__Data shown__
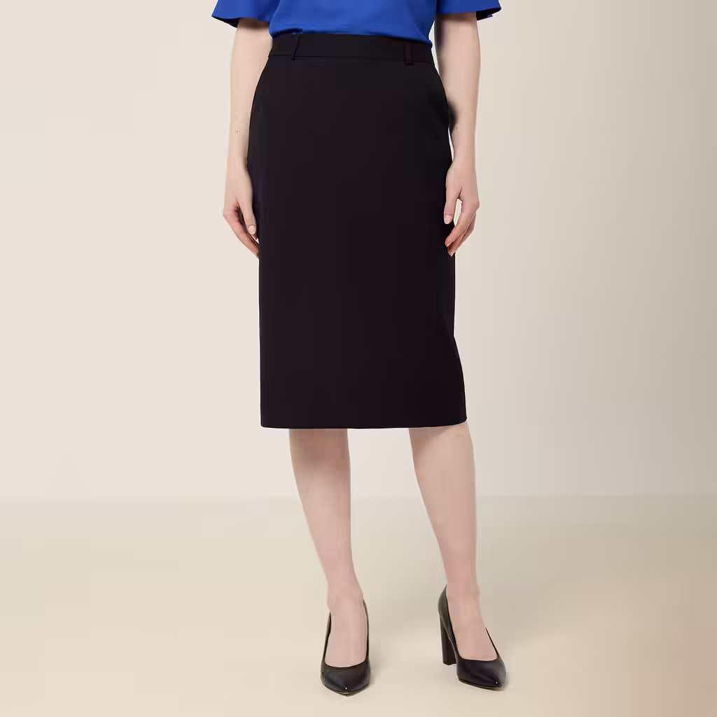 This sleek, slim-fit midi skirt is designed to flatter with its below-the-knee pencil silhouette, offering a timeless and elegant look. The secret stretch waistband ensures a comfortable, flexible fit, while the invisible zip at the centre back maintains a clean, polished finish. The skirt features six belt loops, with a convenient key loop inside the right-hand side pocket, adding both function and style. Two front slant pockets offer a practical touch, while the fully stretch-lined interior provides comfort and ease of movement. A centre back vent allows for added flexibility. With a 4 cm hem allowance, this skirt can be easily tailored for a perfect fit. Additionally, all woven labels are made from recycled polyester sourced from post-consumer plastic bottles, supporting eco-friendly initiatives.
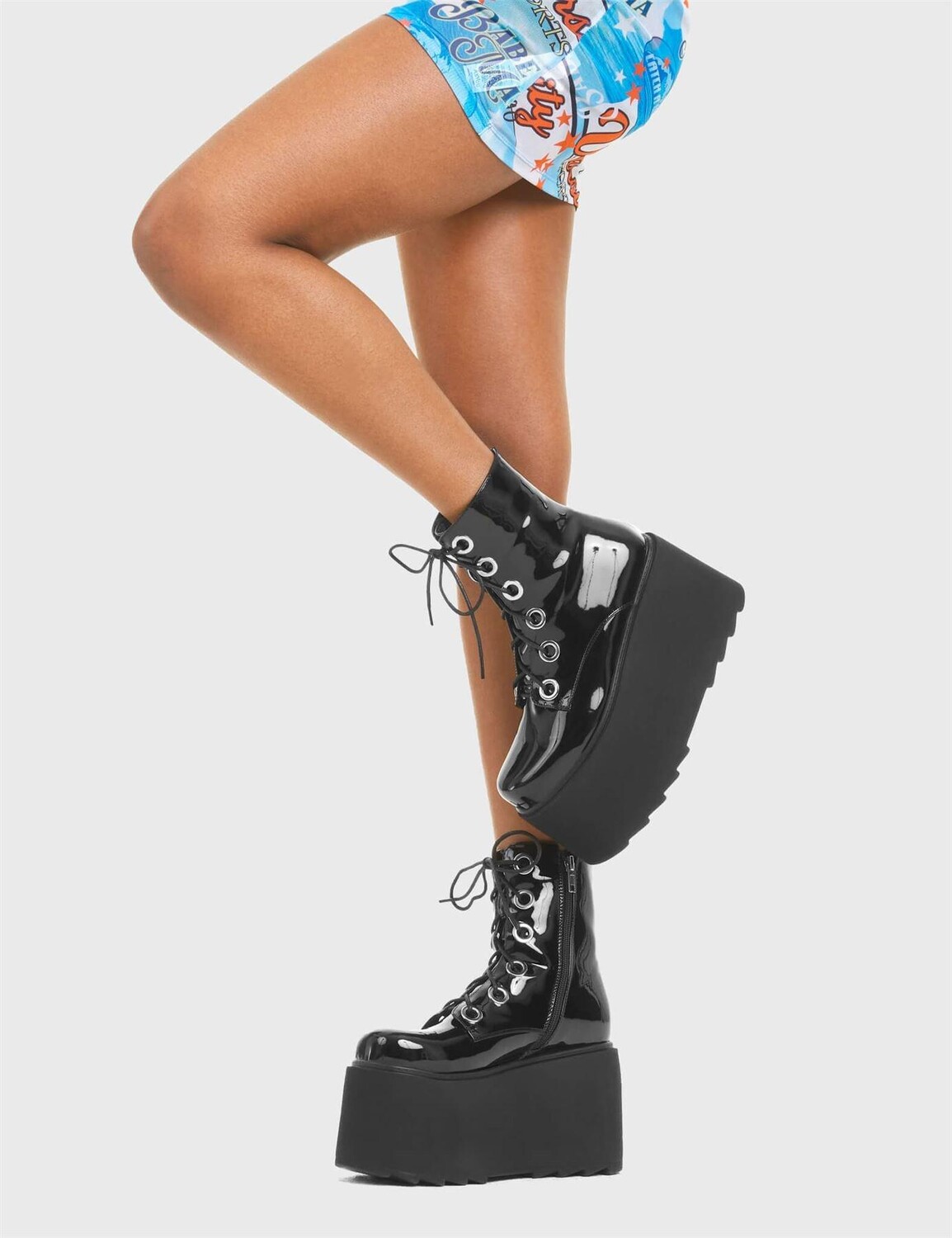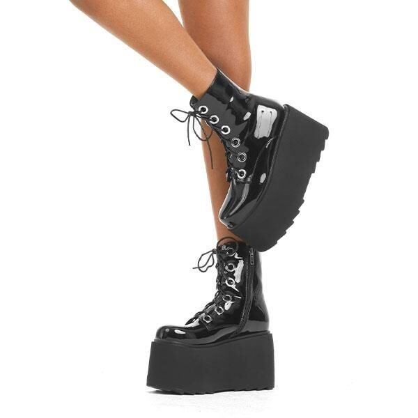Ботильоны на массивной платформе приподнятого Renegade, патент черного цвета. Эти веганские ботинки в стиле вестерн оснащены серебряными люверсами и очень стильной подошвой с эффектом акульих зубов. Изготовленные из экологически чистых материалов и на 100% без жестокого обращения, эти ботинки столь же этичны, сколь и шикарны! – Массивная платформа – Длина до щиколотки – Захват из акульих зубов – Черные шнурки – Закругленный носок – 100 % веганский продукт Артикул: LMF 3746 – BlackPAT
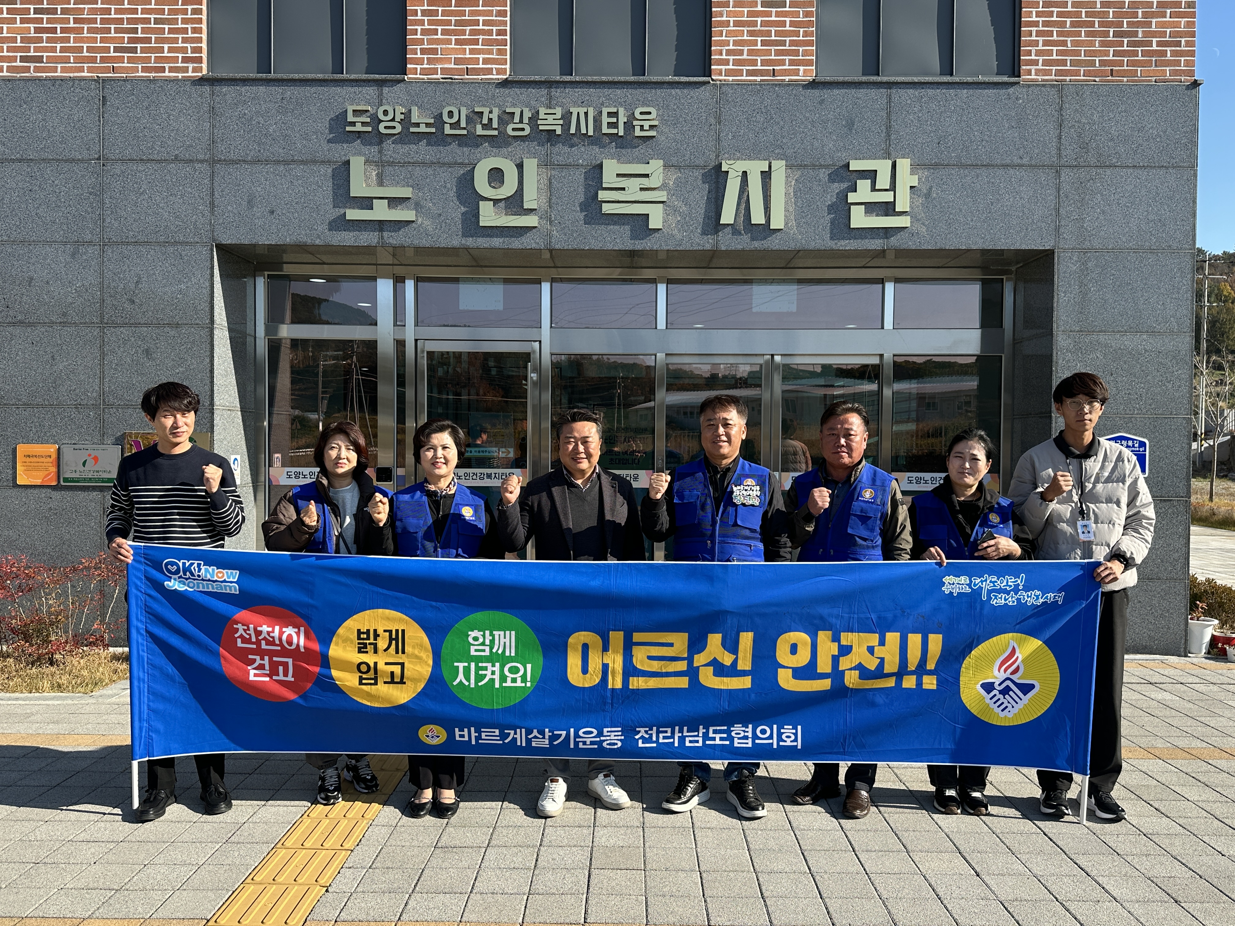 2025년 11월 26일(수) 바르게살기운동 고흥군협의회 회원님들께서 복지관을 방문하여 어르신들의 안전 의식을 높이기 위한 “천천히 걷고, 밝게 입고, 함께 지킴이” 캠페인을 진행하였습니다. 이번 캠페인은 어르신들의 겨울철 보행 안전사고를 예방하고, 야간 보행 시 시인성을 향상시키기 위해 마련된 자리로, 복지관 어르신들께 안전 수칙을 안내하며 서로를 지키는 따뜻한 지역사회 문화의 중요성을 되새기는 시간이었습니다. 앞으로도 도양노인건강복지타운 노인복지관은 어르신들께서 안전하고 건강한 생활을 하실 수 있도록
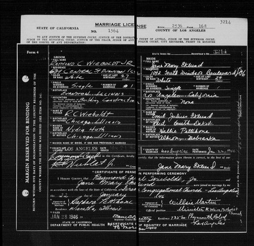 Wieboldt-Eklund Marriage License

__The task__
Skip every picture, and give the rest of the material above again exactly.

__Solution for this problem__
 This sleek, slim-fit midi skirt is designed to flatter with its below-the-knee pencil silhouette, offering a timeless and elegant look. The secret stretch waistband ensures a comfortable, flexible fit, while the invisible zip at the centre back maintains a clean, polished finish. The skirt features six belt loops, with a convenient key loop inside the right-hand side pocket, adding both function and style. Two front slant pockets offer a practical touch, while the fully stretch-lined interior provides comfort and ease of movement. A centre back vent allows for added flexibility. With a 4 cm hem allowance, this skirt can be easily tailored for a perfect fit. Additionally, all woven labels are made from recycled polyester sourced from post-consumer plastic bottles, supporting eco-friendly initiatives.
Ботильоны на массивной платформе приподнятого Renegade, патент черного цвета. Эти веганские ботинки в стиле вестерн оснащены серебряными люверсами и очень стильной подошвой с эффектом акульих зубов. Изготовленные из экологически чистых материалов и на 100% без жестокого обращения, эти ботинки столь же этичны, сколь и шикарны! – Массивная платформа – Длина до щиколотки – Захват из акульих зубов – Черные шнурки – Закругленный носок – 100 % веганский продукт Артикул: LMF 3746 – BlackPAT
 2025년 11월 26일(수) 바르게살기운동 고흥군협의회 회원님들께서 복지관을 방문하여 어르신들의 안전 의식을 높이기 위한 “천천히 걷고, 밝게 입고, 함께 지킴이” 캠페인을 진행하였습니다. 이번 캠페인은 어르신들의 겨울철 보행 안전사고를 예방하고, 야간 보행 시 시인성을 향상시키기 위해 마련된 자리로, 복지관 어르신들께 안전 수칙을 안내하며 서로를 지키는 따뜻한 지역사회 문화의 중요성을 되새기는 시간이었습니다. 앞으로도 도양노인건강복지타운 노인복지관은 어르신들께서 안전하고 건강한 생활을 하실 수 있도록
 Wieboldt-Eklund Marriage License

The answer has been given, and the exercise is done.